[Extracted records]

• • • • • • •

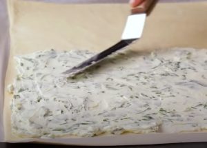 Nasekejte špenát najemno a smíchejte ho s tvarohovým sýrem. Polovinu plátu listového těsta potřete touto směsí. Těsto přehněte napůl, okraje spojte a zarovnejte kolečkem na pizzu.
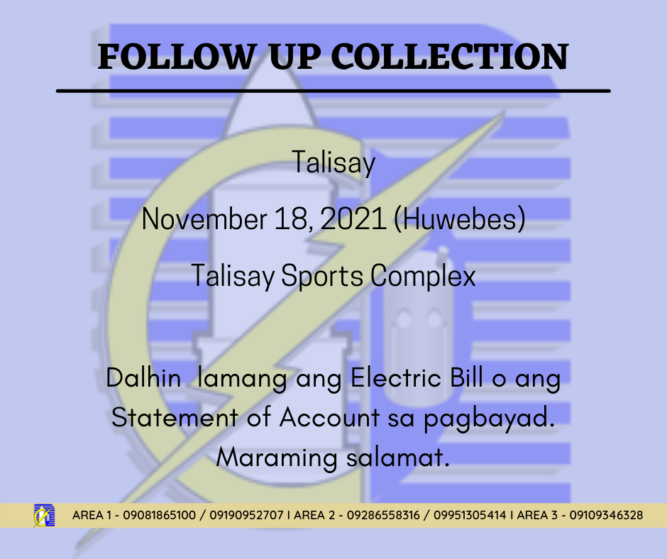 Mga ka-MCOs natin sa Bayan ng VINZONS! Mayroon tayong follow-up collection riyan bukas, Miyerkules (21May 2025), sa Covered Court ng Barangay 1. Dalhin ang inyong Electric Bill o Statement of Account sa pagbabayad. Kita-Kitz!
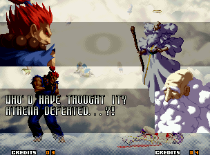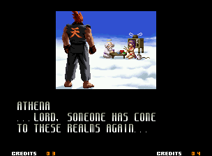 | - If The Conditions Were Met To Fight Athena - | If The Conditions Were Met To Fight Red Arremer | | Kyo | Iori | Orochi Iori | Kasumi | Kim | Ryo | Mai | Terry | Geese | Goenitz | Choi | Mars People | Genjyuro | Shiki | Earthquake | Mr.Karate | Shin Mr.Karate | | Ryu | Ken | Violent Ken | Chun-Li | Guile | Dhalsim | Tessa | Dan | Demitri | Hugo | Zero | Balrog | Vega | Sagat | M.Bison | - Akuma - | Shin Akuma | | - Good Endings - | Bad Ending | |
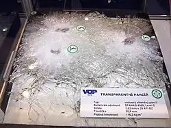 Note : Le terme « verre anti-balles » est un abus de langage et ne devrait pas être utilisé : Il sous-entend que le verre reste intact à la suite d'un tir d'arme à feu, et que la balle d'arme à feu est désintégrée, ce qui n'est pas le cas. Il en est de même des termes « verre anti-vandalisme » et « verre anti-effraction ».
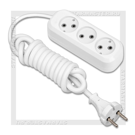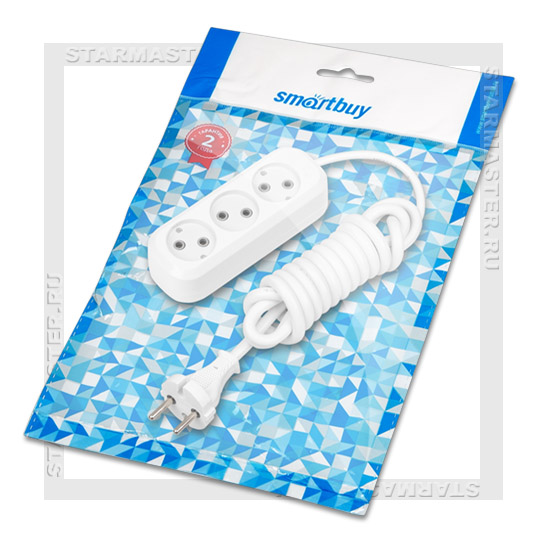 Каталог > Электрика > Удлинитель сетевой 220V SmartBuy 3 розетки, 2м без заземления, 10A ПВС 2х1,0
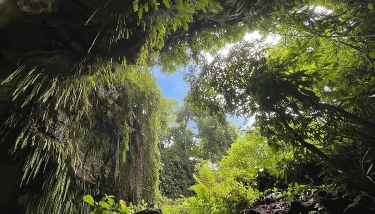 • Biodiversity: The cave entrances and surrounding areas boast a rich biodiversity. You observe lush ferns, mosses, and ancient trees thriving in the nutrient-rich basalt soil, creating a stark contrast with the dark cave interior.

• • • • • • •

REQUIRED WORK: Give back only the lines from the one that carries "Каталог > Электрика" through the final line above, both included. Drop all pictures.

RESPONSE:
 Каталог > Электрика > Удлинитель сетевой 220V SmartBuy 3 розетки, 2м без заземления, 10A ПВС 2х1,0
 • Biodiversity: The cave entrances and surrounding areas boast a rich biodiversity. You observe lush ferns, mosses, and ancient trees thriving in the nutrient-rich basalt soil, creating a stark contrast with the dark cave interior.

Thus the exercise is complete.